MSML612 - Designing a Transformer-Based Time Series Forecasting Model for Multi-Step, Multi-Variable Weather Prediction
Accurate and timely weather forecasting plays a vital role in multiple sectors, including agriculture, transportation, public safety, and energy management.
Traditionally, weather forecasting has relied on numerical weather prediction (NWP)1. The leading operational medium-range weather forecast globally is the Ensemble Prediction System (ENS), developed by the European Centre for Medium-Range Weather Forecasts (ECMWF)2. This system uses NWP and generates multiple forecast scenarios by introducing small variations to the model's initial conditions.
Machine learning based methods have been developed in recent years. The Graphcast 3 and Gencast 4 models designed by Google Deepmind were the first ones to consistently outperform the numerical models.
Gencast, the latest Google Deepmind prediction model is based on Graph Neural Networks (GNNs) trained with 18 measurements at 13 vertical pressure levels for a global set of locations with 0.25 degrees of precision in latitude and longitude.
The models are trained on the ERA5 reanalysis dataset provided by ECMWF 5 which reconstructs the past weather data point at a global level from 1979 to 2018.
Numerical weather prediction (NWP) involves forecasting the weather by using mathematical equations that represent fluid dynamics. These equations are calculated by computers to generate weather forecasts. Forecasters often analyze and compare multiple NWP outputs, such as regional versus global models or models from different forecasting centers. To improve reliability, ensemble techniques combine results from several model runs, each with slightly varied initial conditions or model settings, using statistical and graphical approaches 7.
NWP forecast is critically dependent on two factors: the initial conditions and the boundary conditions. Initial conditions define the starting point of the simulation which is determined through a process called data assimilation, where observations from satellites, and weather stations are integrated into the model's framework 7.

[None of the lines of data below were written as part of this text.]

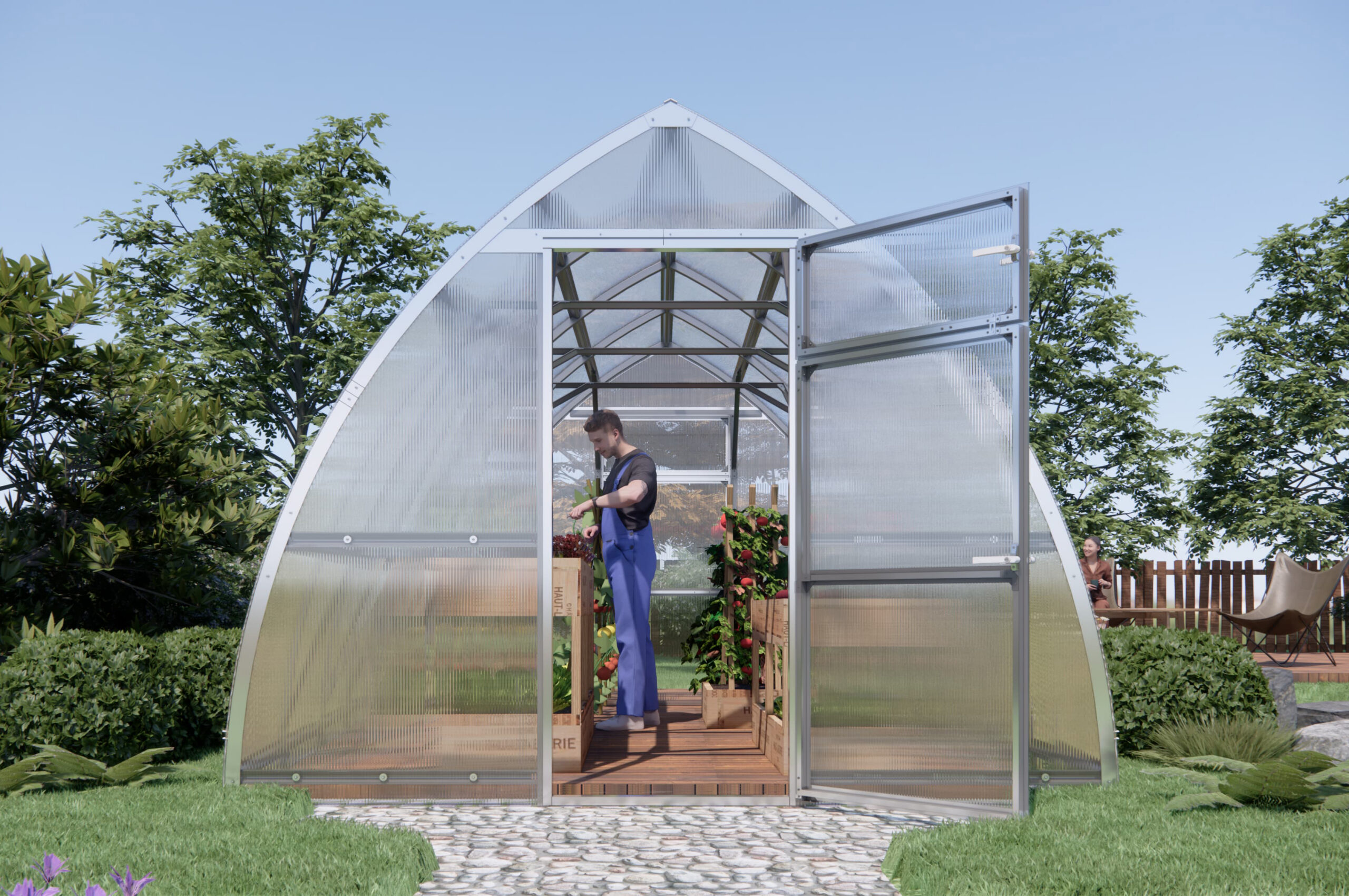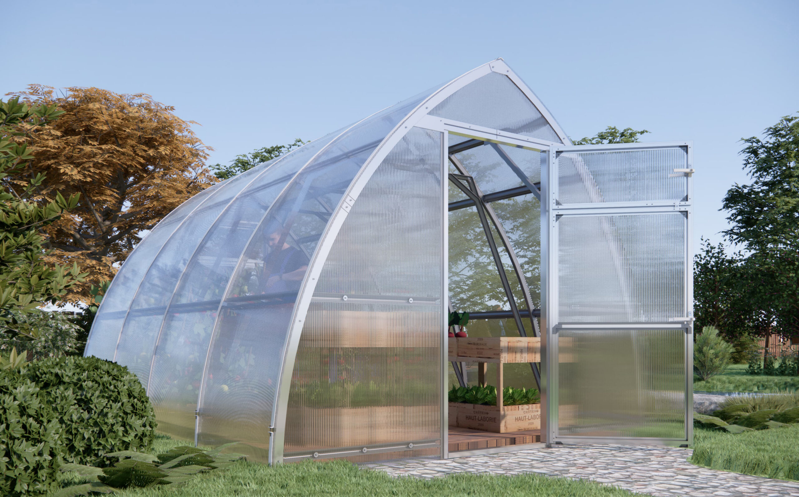 – Maksimaalne tugevus. Kasvuhoone talub lumekoormust kuni 360 kg/m² (esialgsete arvutuste põhjal) — usaldusväärne lahendus külma kliimaga piirkondadesse.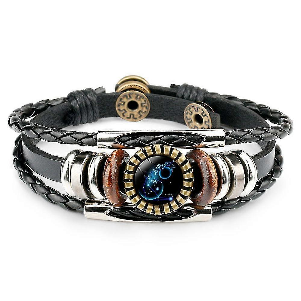 12 Horoscope Sign Bracelet Unisex Faux Leather Woven Wristband Gift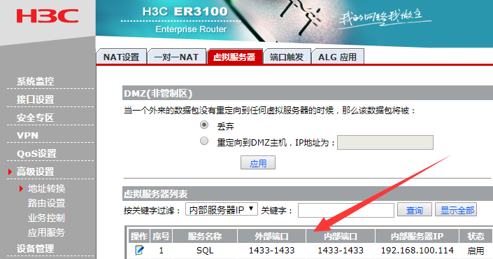 我在路由器里面创建了这个1433的端口,为什么用SQL SERVER访问公网IP+1433端口号的地址不能连接数据库,直接用这个192.168.100.114的内网地址可以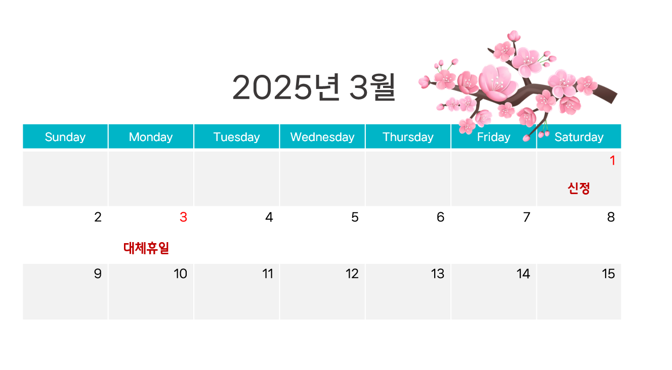 3월은 공휴일이 총 2일이 있는데 3일 대체휴일로 최대 3일의 연휴를 즐길 수 있습니다.

The Ensemble Prediction System (ENS) was created by the European Centre for Medium-Range Weather Forecasts (ECMWF) and is recognized as one of the two leading global weather forecasting models, also considered the most reliable in the world. The ENS uses multiple runs of the ECMWF model, each with slightly different starting conditions, to generate a range of possible weather outcomes. Specifically, the monthly forecasting system is executed 51 times: one "control" forecast uses the standard initial conditions from ECMWF's ocean and atmospheric analyses, while the other 50 runs use perturbed initial states. This approach allows the ENS to capture and represent a broad spectrum of potential future weather scenarios 8.

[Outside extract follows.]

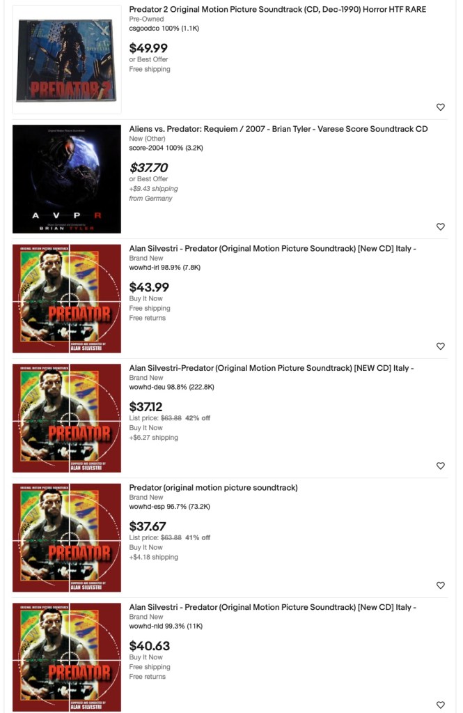 I did find the Predator 2 soundtrack earlier this year at a thrift store; that is a rare find. Most of the soundtracks that get to thrift stores are always the same, and nothing by way of classics like these.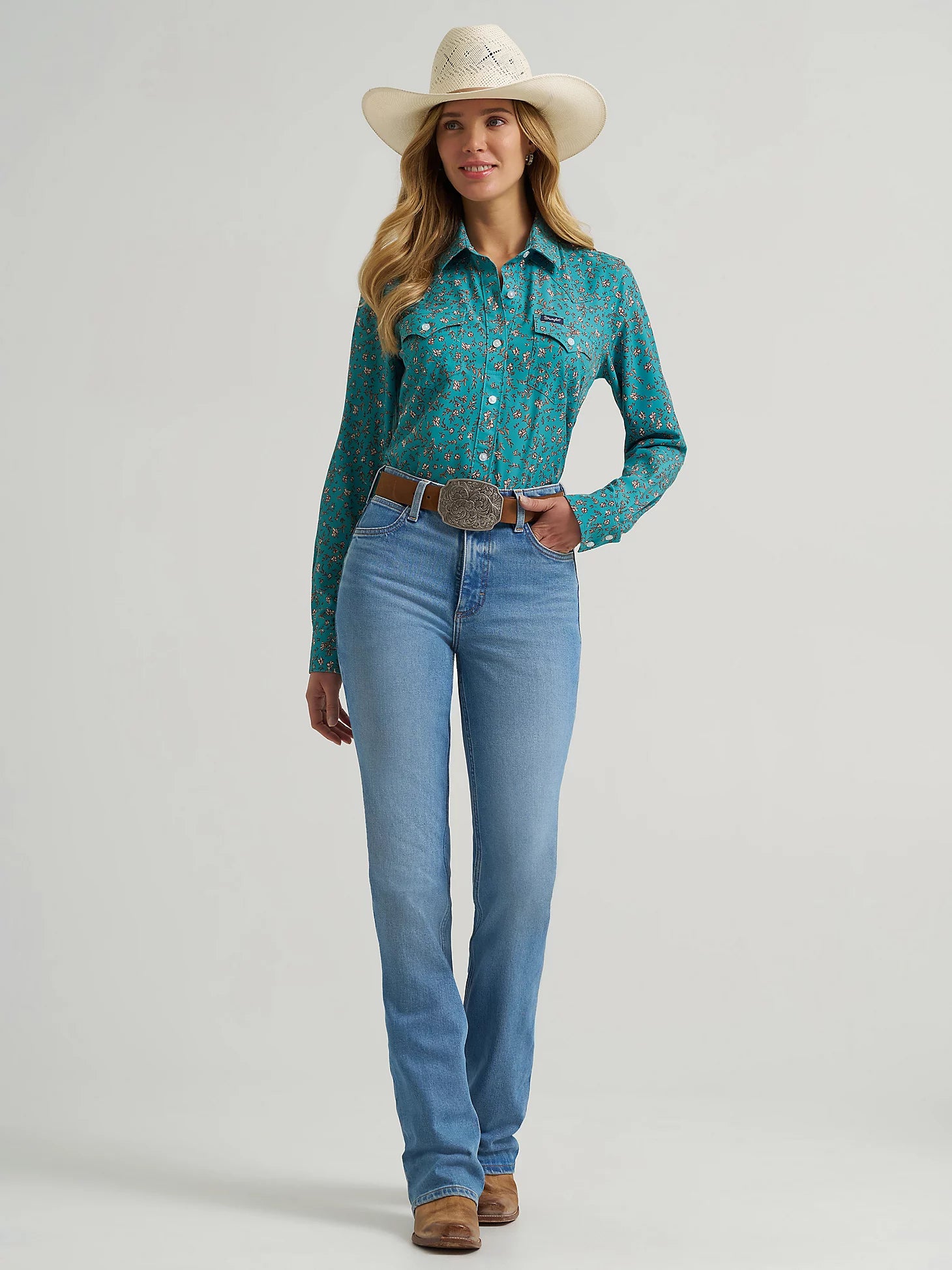 Wrangler Women's L/S Aria Performance Button Up Shirt in Green

Some characteristics of this mode:
- Resolutions up to tens of km
- The forecast depth of the weather model is 6 days
- The forecast step is 3 hours
- The update frequency is 4 times a day
The principal weakness of NWP is its immense computational cost. The complexity of the models requires massive supercomputers with millions of processors to perform the necessary calculations within operational time constraints. Global models, which are necessary for medium-range forecasting, typically operate at resolutions too coarse to capture fine-scale local weather phenomena. This high barrier to entry makes state-of-the-art NWP inaccessible for many smaller, local weather agencies that operate at the state or county level 7.
With the advent of AI technologies, the AI-based weather prediction field has seen a rapid growth. AI models don't follow fundamental physical laws, but they learn from vast amounts of historical weather data. The information is obtained from decades of reanalysis data, such as the ERA5 dataset from ECMWF, which reconstructs the past global weather state by assimilating historical observations 9.
Developed by Google Deepmind, GraphCast is a deep learning model that leverages a Graph Neural Network (GNN) architecture. GraphCast operates autoregressively: given the state of the weather at the current time t and six hours prior t−6h, it predicts the weather state six hours later t+6h. This process is then rolled forward iteratively to produce a 10-day forecast. The model is trained on the ERA5 reanalysis dataset provided by ECMWF 5 and is based on Graph Neural Networks (GNNs) 10.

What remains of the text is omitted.